The money issues and my d20's fragile welfare, are relevant to me today in the present. A whole lot of my future, (including the job search) hinges on how the proceedings go. I'm still not employed and I've gotten 2 "courtesy" interviews that may well lead to a job, but both would take months more.

I am fairly confident that once I know what I can rely on financially, I won't look back more than a few times a year when reminders or events trigger recall.

I see my marriage very differently now, and I see my h very differently now as well.
But I feel self aware and awake.


I don't want that marriage or that man, back. Of course My wounded ego would like some sort of karma recognition that h lost a great mate & family.

The wounded ego triggers some retrospections. But the struggle with the injustice of this - is not the same as a desire for a reconciliation.
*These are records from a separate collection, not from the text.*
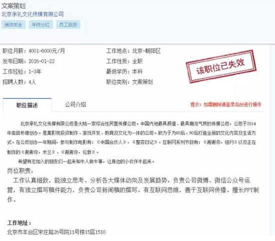在智聯(lián)招聘網站上,還有一則有關北京承禮文化傳媒有限公司的招聘信息,該信息發(fā)布于2016年01月22日,目前已失效。據該招聘信息披露:北京承禮文化傳媒有限公司于2014年由田樸珺創(chuàng)辦,工作地址:北京市豐臺區(qū)宋莊路26號院11號樓15層1510。
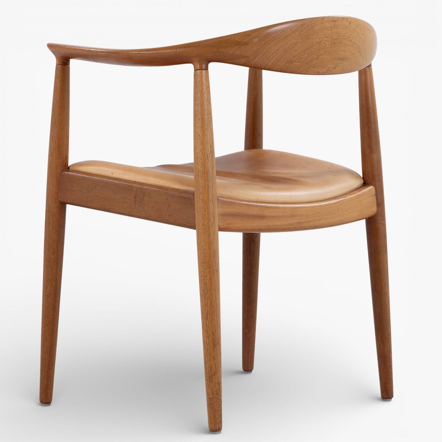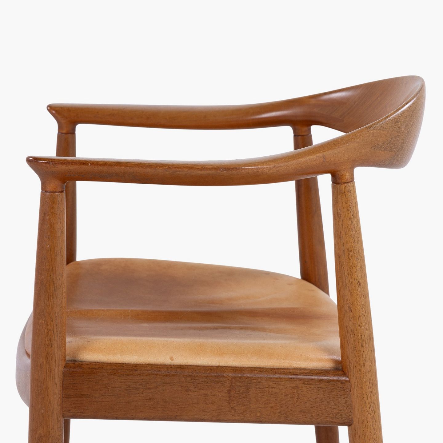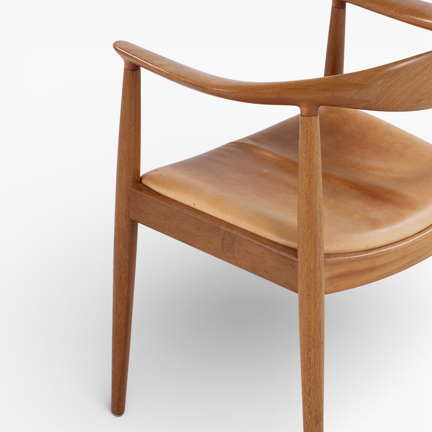 JH 503 - 'The Chair'-armstol i mahogni med sæde i patineret naturlæder. Mærket fra producent.
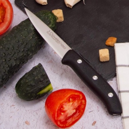 - Cuchillo pequeño de hoja fuerte, filo liso y punta estable. Limpia, pela y corta pequeñas frutas y verduras.

I am at peace with not being married to h again, ever. The man I loved and married is effectively dead to me. Any hope I have for the father of my children rebuilding something with them, exists in an abstract way, but I'm much better that I was before, in accept that their r's are not my responsibility. (That release has been good for me).

As for the job hunt issues, sending out resumes with a gap of several years is not yielding much. (FTR, yes part of the anger I have is that h's resume is pristine in part b/c of MY sacrifices and now I've got a resume with holes in it, and h has the gall to question my efforts & seems perplexed/mad that unlike him, I cannot send in a resume and get responses within 24 hours. That is actually what happened when I did a job search FOR HIM, and both times he got offers. I mean, they called, they flew us both out and they made an offer to him without almost any effort from h.

THAT^^ is what h thinks is a "job search."

Anyhow, I maintain contact with about 100 people from my high school class (I was class president in high school, and that used to be a burden every time we had a reunion.

NOW I hope it's going to be an asset for networking. I also went to law school in DC.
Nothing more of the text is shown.